### Data
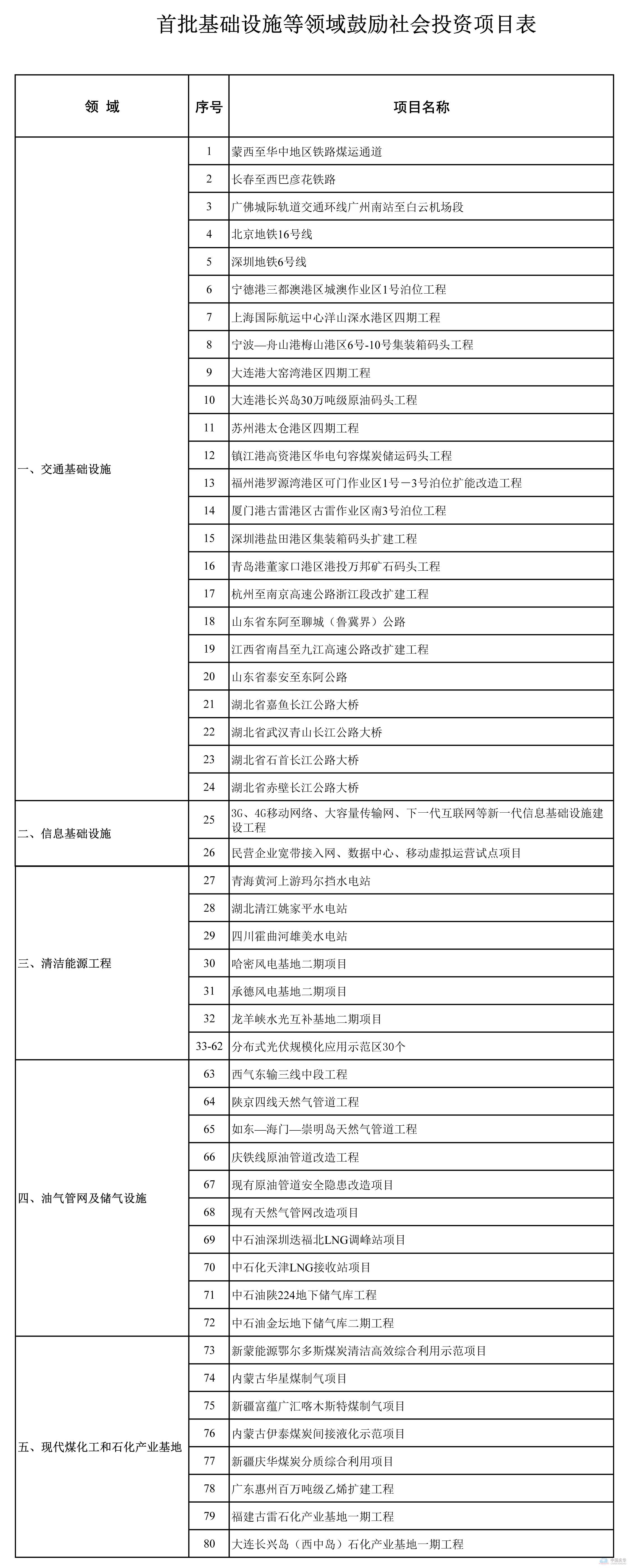 一、首批推出的基礎(chǔ)設(shè)施等領(lǐng)域鼓勵社會資本參與的80個項目涵蓋鐵路、公路、港口等交通基礎(chǔ)設(shè)施,新一代信息基礎(chǔ)設(shè)施,重大水電、風(fēng)電、光伏發(fā)電等清潔能源工程,油氣管網(wǎng)及儲氣設(shè)施,現(xiàn)代煤化工和石化產(chǎn)業(yè)基地等方面,鼓勵和吸引社會資本特別是民間投資以合資、獨(dú)資、特許經(jīng)營等方式參與建設(shè)及營運(yùn)。
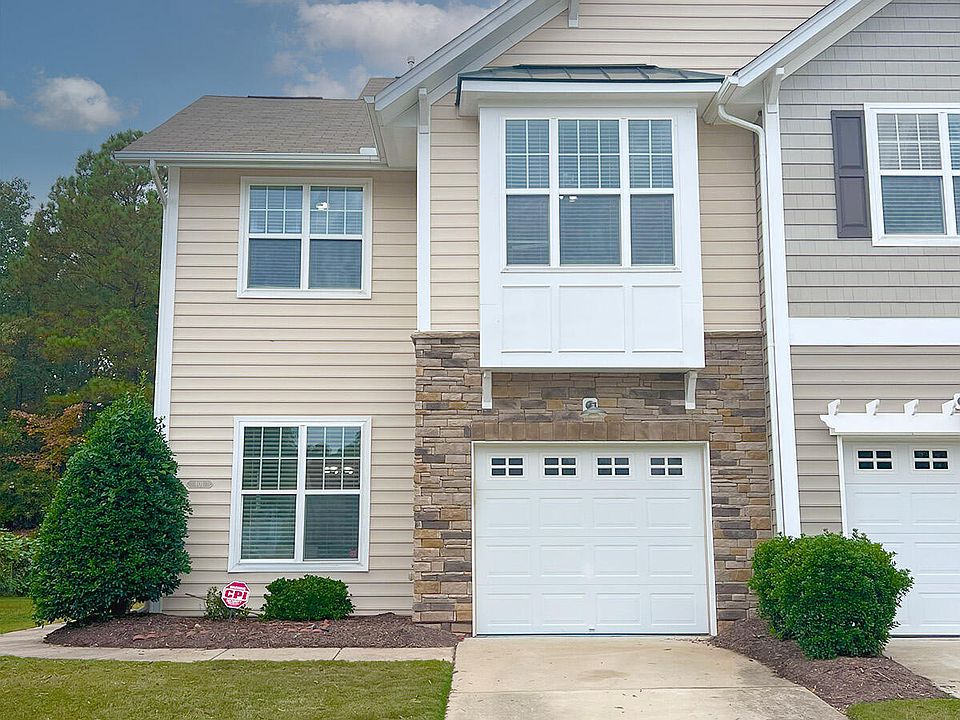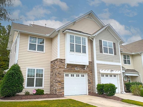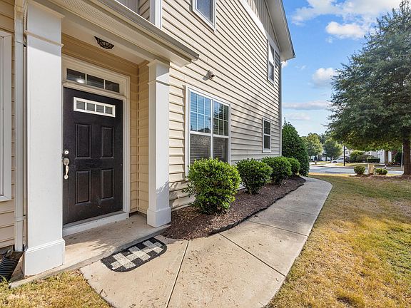 Beautifully updated end-unit townhome with a private side entry, back yard, and easy commutes to RTP, Downtown Raleigh, Chapel Hill, and Durham. Inside, you'll find 9-foot ceilings on both levels and a light-filled layout that showcases a gorgeous kitchen with granite countertops, upgraded cabinetry featuring custom lighting, and a high-end glass tile backsplash. Additional highlights include a gas stove and fireplace, upgraded LVP flooring, and two-inch faux wood blinds throughout. The spacious primary suite features a separate tub and shower, while the convenient upstairs laundry area includes a washer and dryer. The home boasts a flexible floor plan with a secondary suite that has access to the hall bathroom, as well as a third spacious bedroom. Other features: pedestal sink, garbage disposal, and a one-car garage. A community swimming pool is included in the amenities. Just two minutes from SCBB Cricket Ground, and nearby parks include Church St Park and Shiloh Grove Park.
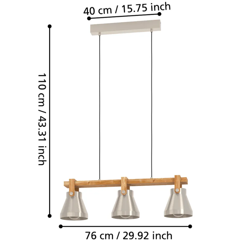Eglo CAWTON hanglamp staal, hout staal, rustiek bruin H: 1100 mm
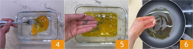 Schlagen Sie die Eier mit einer Gabel 4 und duften Sie mit frischen Thymianblättern 5. In einer Pfanne lassen Sie ein wenig Öl mit frischem Thymian und einer Knoblauchzehe anbraten 6.
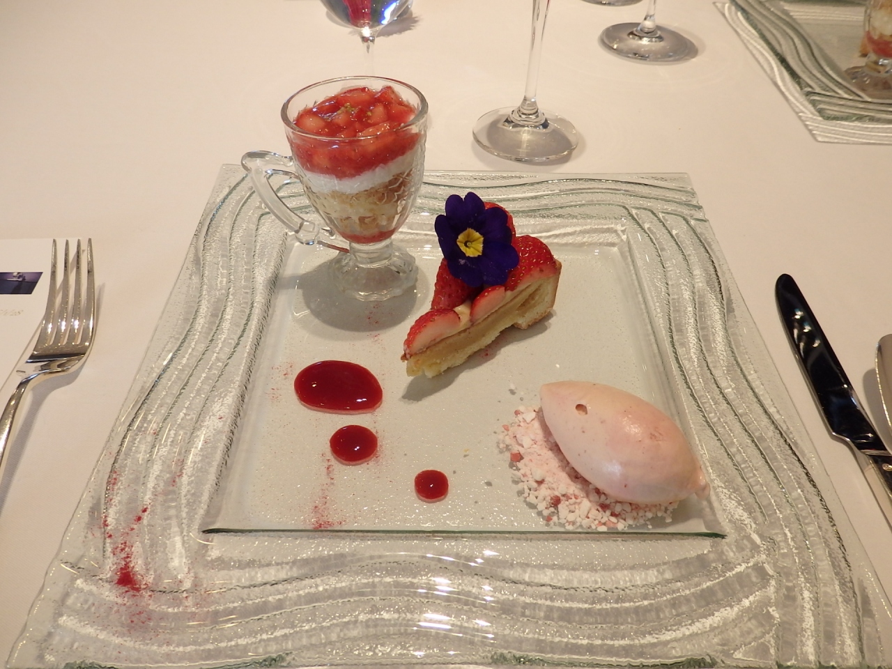 コースのお料理は美味しかったのですが、私個人的にはちょっ... 続きを読むと味が薄いかな?と感じました。イチゴづくしのデザートはどれもとても美味しかったです。
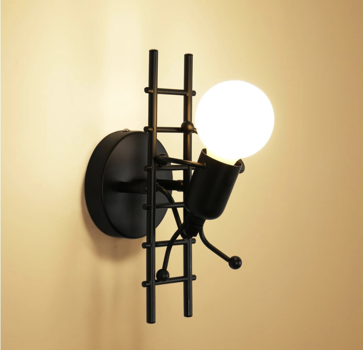 Applique Lampada da parete moderna con attacco E27 forma Omino Nero su scala
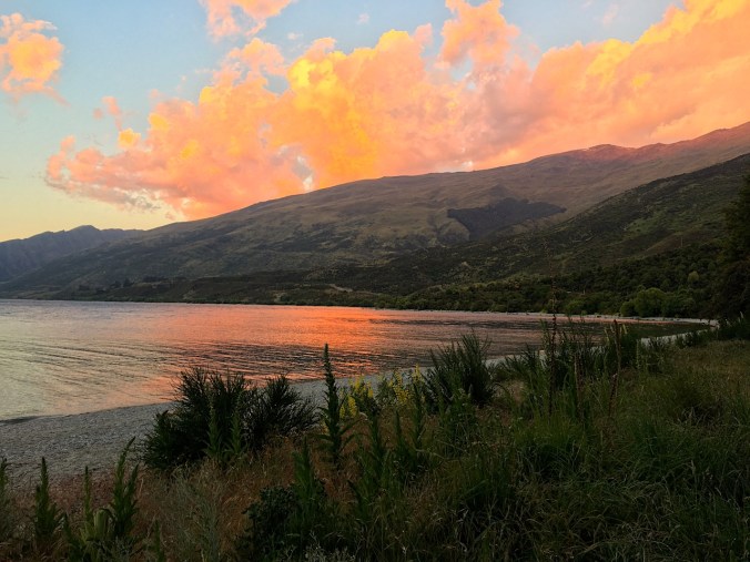 Die Lage direkt am Wasser wäre top, das Wetter hält, die Stimmung ist gut, bis, ja bis wir erneut mit den neuseeländischen Biester in Kontakt kommen. Sind Mücken schon eine Plage für sich, überbieten dies die hier heimischen Sandfliegen diese bei weitem. Schnell und einfach ist die Entscheidung weiterzuziehen gefällt und so kehren wir zurück an unseren Lieblingsort ganz in der Nähe der Stadt Queenstown, zurück an den Lake Hayes wo sich ein wunderbarer Free-Camping-Spot befindet. Auf einer grossen grünen Wiese parken wir unseren Bus mit Blick auf den See, kochen ein feines Znacht und geniessen die letzten Stunden in dieser malerischen Gegend.
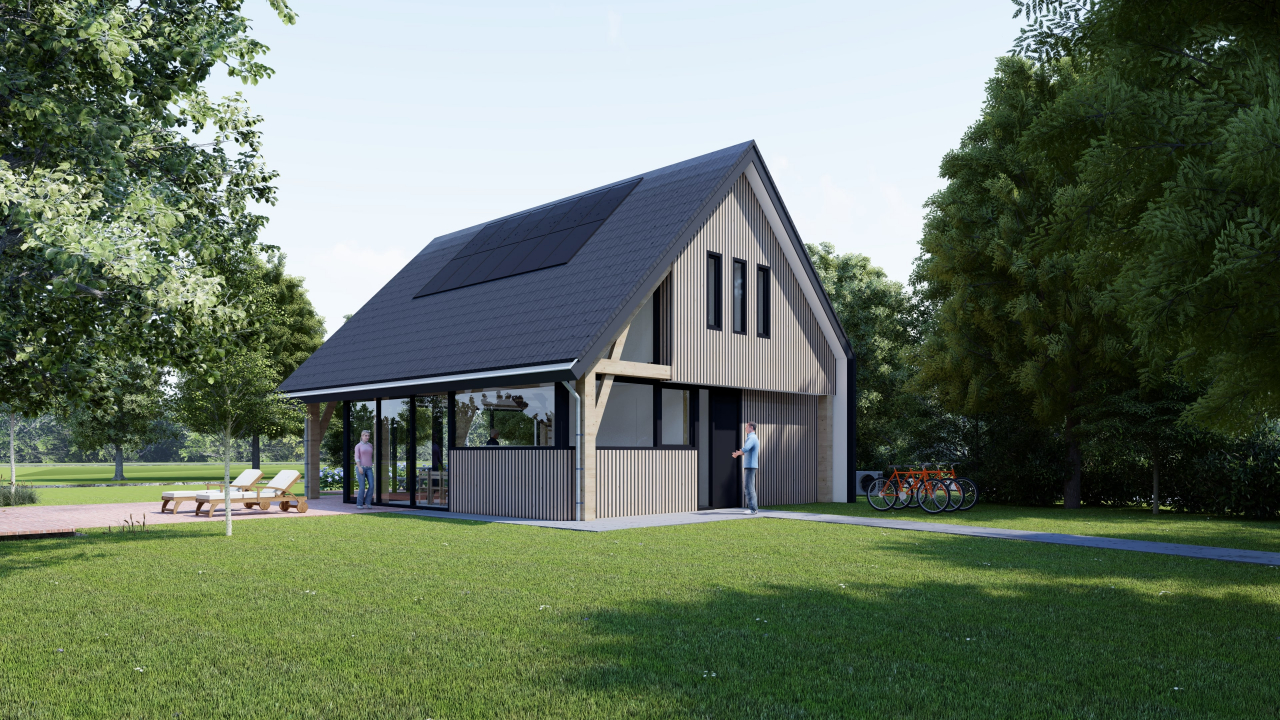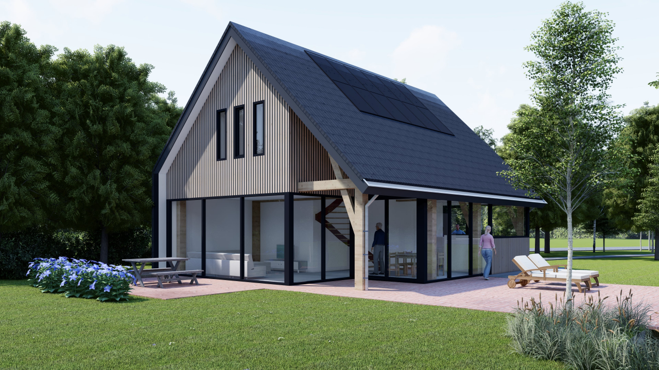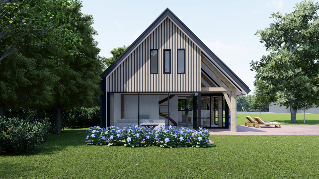 In het ontwerp van deze aan een pluktuin grenzende schuurwoning staat de benedenverdieping centraal. De volledige benedenverdieping bestaat uit ramen wat het mogelijk maakt om vanuit elke hoek in huis naar buiten te kijken. Hierdoor wordt de woning als het ware één met de natuur.
######
The lines wanted run from the one with "Die Lage direkt" through the final line of the data; repeat them word for word and skip every picture.

 Die Lage direkt am Wasser wäre top, das Wetter hält, die Stimmung ist gut, bis, ja bis wir erneut mit den neuseeländischen Biester in Kontakt kommen. Sind Mücken schon eine Plage für sich, überbieten dies die hier heimischen Sandfliegen diese bei weitem. Schnell und einfach ist die Entscheidung weiterzuziehen gefällt und so kehren wir zurück an unseren Lieblingsort ganz in der Nähe der Stadt Queenstown, zurück an den Lake Hayes wo sich ein wunderbarer Free-Camping-Spot befindet. Auf einer grossen grünen Wiese parken wir unseren Bus mit Blick auf den See, kochen ein feines Znacht und geniessen die letzten Stunden in dieser malerischen Gegend.
 In het ontwerp van deze aan een pluktuin grenzende schuurwoning staat de benedenverdieping centraal. De volledige benedenverdieping bestaat uit ramen wat het mogelijk maakt om vanuit elke hoek in huis naar buiten te kijken. Hierdoor wordt de woning als het ware één met de natuur.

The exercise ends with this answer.